Iran’s Zarif, EU’s Top Diplomat Meet in Oslo

Iran’s Zarif, EU’s Top Diplomat Meet in Oslo
Iran’s Zarif, EU’s Top Diplomat Meet in Oslo
Iranian Foreign Minister Mohammad Javad Zarif has met and held talks with the European Union (EU)’s foreign policy chief, Federica Mogherini, on a range of issues, including the 2015 multilateral nuclear deal with Iran.

Minister Zarif and High Representative Mogherini exchanged views on international and regional issues as well as the nuclear accord, officially called the Joint Comprehensive Plan of Action (JCPOA), in the Norwegian capital, Oslo, on Monday.

On his arrival at the Oslo Airport, Zarif told reporters that he had sent two messages to Mogherini in the past few weeks about the US’s failure to live up to its commitments under the JCPOA and the consequences of Washington’s “destructive policies” in that regard.

The issue had been discussed in the latest session of a joint commission that monitors the implementation of the JCPOA and would be on the agenda of the commission’s future meeting, he said.

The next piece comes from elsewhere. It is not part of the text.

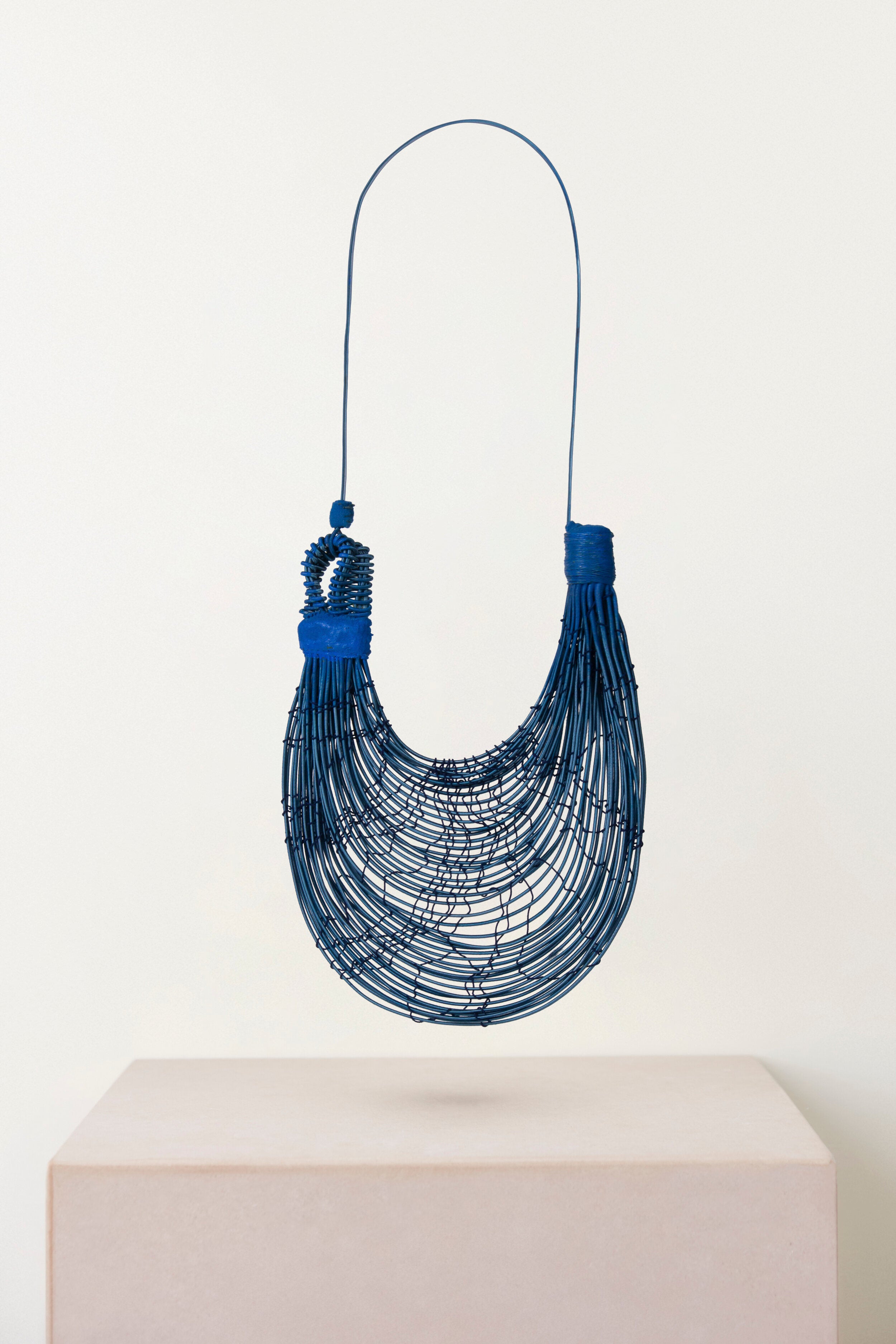 The piece has a a new adjustable closure to different heights depending on the type of collar your clothes wear. It is characterized by its lightness. Can be used more than one piece at the same time. The triangular shape of the loom and the elasticity of the fiber with which it is woven gives rise to the rounded shape of the piece.

The top Iranian diplomat also stressed that the JCPOA was currently being implemented in its natural manner as the Islamic Republic and the EU member states were committed to the deal.

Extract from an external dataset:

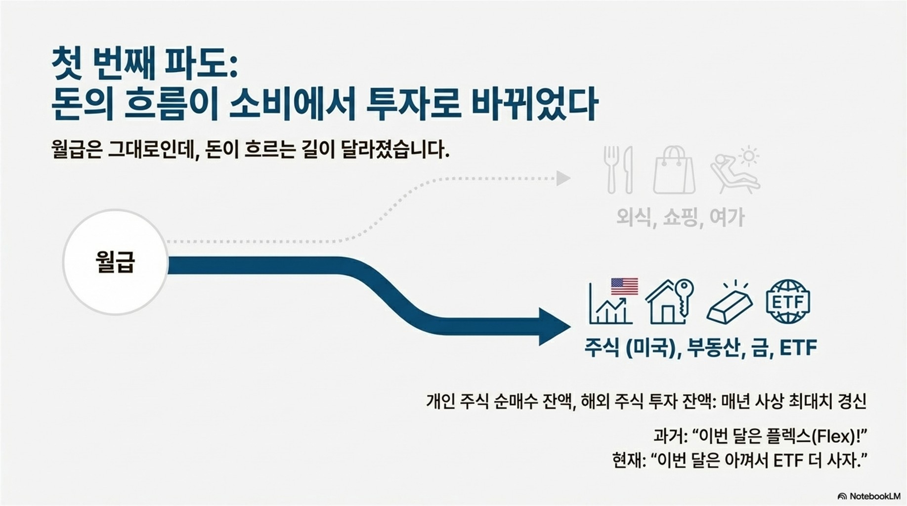 | **돈의 흐름** | 외식, 여가 등 일상 소비 | **자산 (주식, 부동산, 금, ETF)** |

Zarif said the US’s failure to honor its obligations was not a new issue and that Iran had little economic interaction with the US beyond the purchases of aircraft, which he said proceeded well despite the US’s failure to perform in other areas.

Iranian airlines have placed orders for American-made Boeing aircraft worth a total of around 19.6 billion dollars, purchases made possible under the terms of the JCPOA. While attempts have been made at the US Congress recently to block the sale of those aircraft to Iran, the implementation of the deals between the Iranian airlines and Boeing seems to face no hindrance as the JCPOA is clear in that area.

Zarif also stressed that the US could not affect Iran’s relations with other countries.

The JCPOA was inked between Iran and the P5+1 group of countries, namely Russia, China, France, Britain, the US and Germany, in July 2015. Barring the new US administration, the governments in all of those countries have stressed the sustenance of the JCPOA.

The agreement took effect in January 2016. Under the deal, limits were put on Iran’s nuclear activities in exchange for, among other things, the removal of all nuclear-related sanctions imposed on the Islamic Republic.